TASK ITEM
The answer must be the full listing, word for word, with no pictures in it.

DATA SHOWN
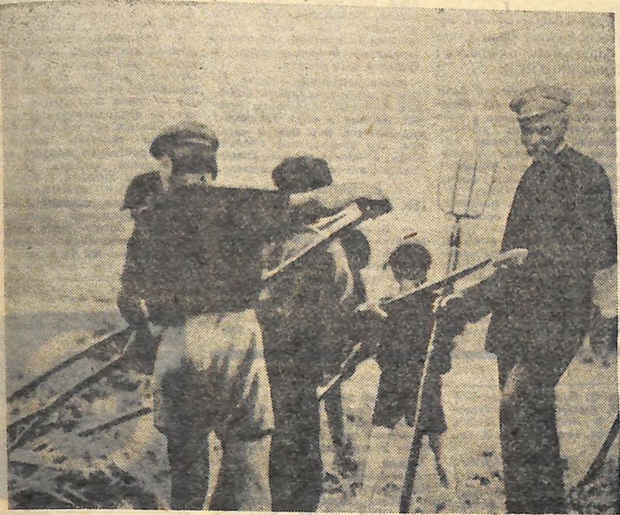
На фото: О. М. ГОРЬКИЙ на святі першого снопа в колонії у 1928 році.

СОЦІАЛІСТИЧНА держава не може бути здійснена, — підкреслював Горький, — якщо діти не будуть соціалістами. Ось чому він уважно слідкував за становленням радянської школи, комуністичним вихованням молоді. Яскраве підтвердження останнього — діловий контакт і моральна підтримка Горьким діяльності А. С. Макаренка в трудовій колонії для неповнолітніх правопорушників, яка стала носити його ім'я.
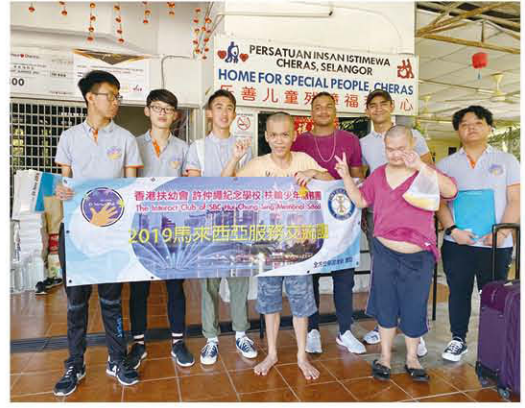
是次服務活動順利完成，多得幹事們與當地職員緊密的事前溝通。
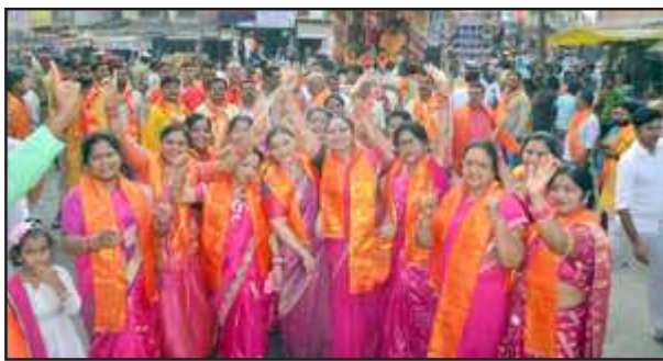
भोलेनाथ की बारात में नाचती महिलाएं।
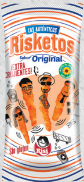
Risketos Original 80 g
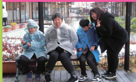
平成31年3月6日 女性棟行事 広島マリーナホップ
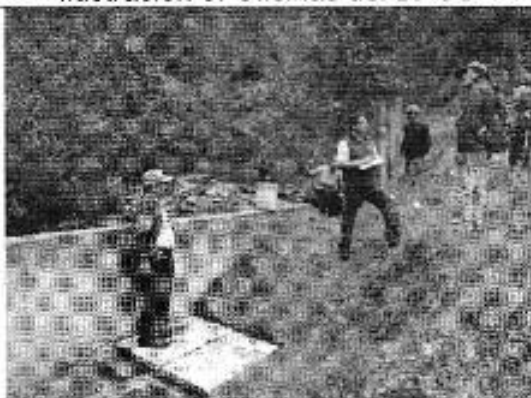
Ilustración 7. Captación del DAS-TVP
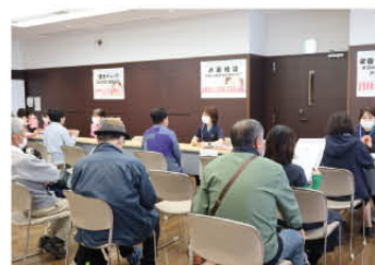
【健康相談会の様子】
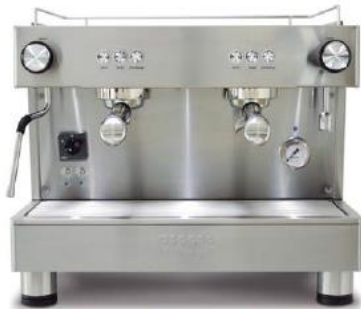
Bar Versatile 2GR COMPACT (56cm)
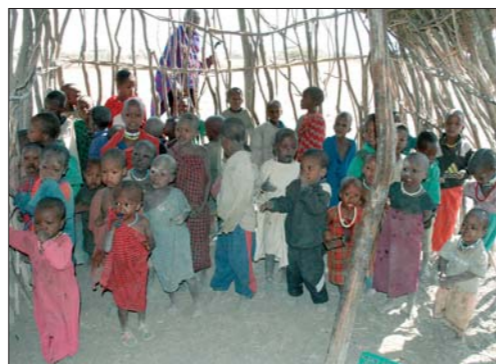
podmínky, v nichž žije řada dětí na celém světě, jsou pro nás často nepředstavitelné

Z Na mapě světa vyhledejte země, které označujeme jako rozvojové.
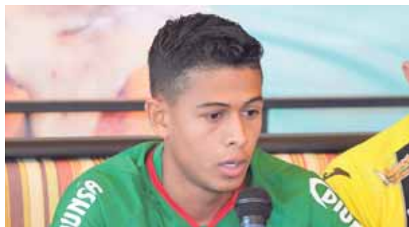
El jugador verdolaga prometió para mañana un buen espectáculo, para que los asistentes disfruten de un gran clásico.
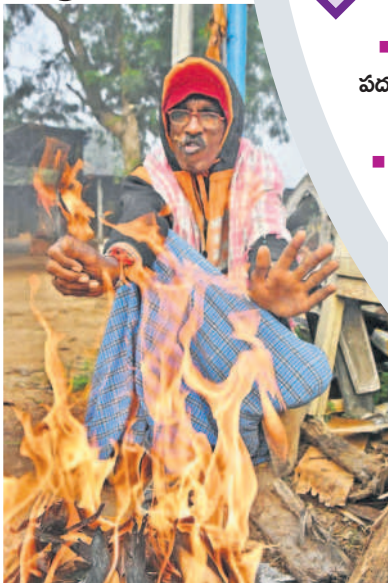
సిద్దిపేట పట్టణంలో చలికాచుకుంటున్న వృద్ధుడు
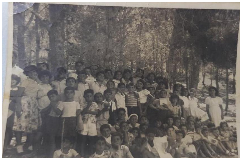
תמונה מבית הספר במעברה

בכיתה ה' העבירו אותנו ללמוד בביה"ס בקריית עמל. מדי יום, חורף וקיץ, היינו עולים ברגל את העלייה התלולה מהמעברה, דרך הוואדי עד לבית הספר וחוזרים כמובן ברגל. הופתעתי לגלות שאני קורא באופן רהוט ושוטף יותר מחלק מבני הכיתה הקירייתים מלידה... זאת בזכות הרצון וההוראה הטובה בבית הספר שבמעברה.
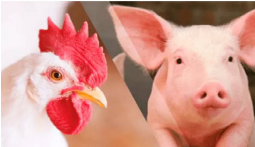
Frango apresentou queda em todos os itens de composição, com exceção de sanidade (que se manteve estável) e nutrição (alta de 0,19% em relação a setembro)

gestão da granja a planilha eletrônica feita pela Embrapa. A planilha pode ser baixada de graça no site da CIAS. (Embrapa Suínos e Aves)

RESPONSE BELOW
На фото: О. М. ГОРЬКИЙ на святі першого снопа в колонії у 1928 році.

СОЦІАЛІСТИЧНА держава не може бути здійснена, — підкреслював Горький, — якщо діти не будуть соціалістами. Ось чому він уважно слідкував за становленням радянської школи, комуністичним вихованням молоді. Яскраве підтвердження останнього — діловий контакт і моральна підтримка Горьким діяльності А. С. Макаренка в трудовій колонії для неповнолітніх правопорушників, яка стала носити його ім'я.
是次服務活動順利完成，多得幹事們與當地職員緊密的事前溝通。
भोलेनाथ की बारात में नाचती महिलाएं।
Risketos Original 80 g
平成31年3月6日 女性棟行事 広島マリーナホップ
Ilustración 7. Captación del DAS-TVP
【健康相談会の様子】
Bar Versatile 2GR COMPACT (56cm)
podmínky, v nichž žije řada dětí na celém světě, jsou pro nás často nepředstavitelné

Z Na mapě světa vyhledejte země, které označujeme jako rozvojové.
El jugador verdolaga prometió para mañana un buen espectáculo, para que los asistentes disfruten de un gran clásico.
సిద్దిపేట పట్టణంలో చలికాచుకుంటున్న వృద్ధుడు
תמונה מבית הספר במעברה

בכיתה ה' העבירו אותנו ללמוד בביה"ס בקריית עמל. מדי יום, חורף וקיץ, היינו עולים ברגל את העלייה התלולה מהמעברה, דרך הוואדי עד לבית הספר וחוזרים כמובן ברגל. הופתעתי לגלות שאני קורא באופן רהוט ושוטף יותר מחלק מבני הכיתה הקירייתים מלידה... זאת בזכות הרצון וההוראה הטובה בבית הספר שבמעברה.
Frango apresentou queda em todos os itens de composição, com exceção de sanidade (que se manteve estável) e nutrição (alta de 0,19% em relação a setembro)

gestão da granja a planilha eletrônica feita pela Embrapa. A planilha pode ser baixada de graça no site da CIAS. (Embrapa Suínos e Aves)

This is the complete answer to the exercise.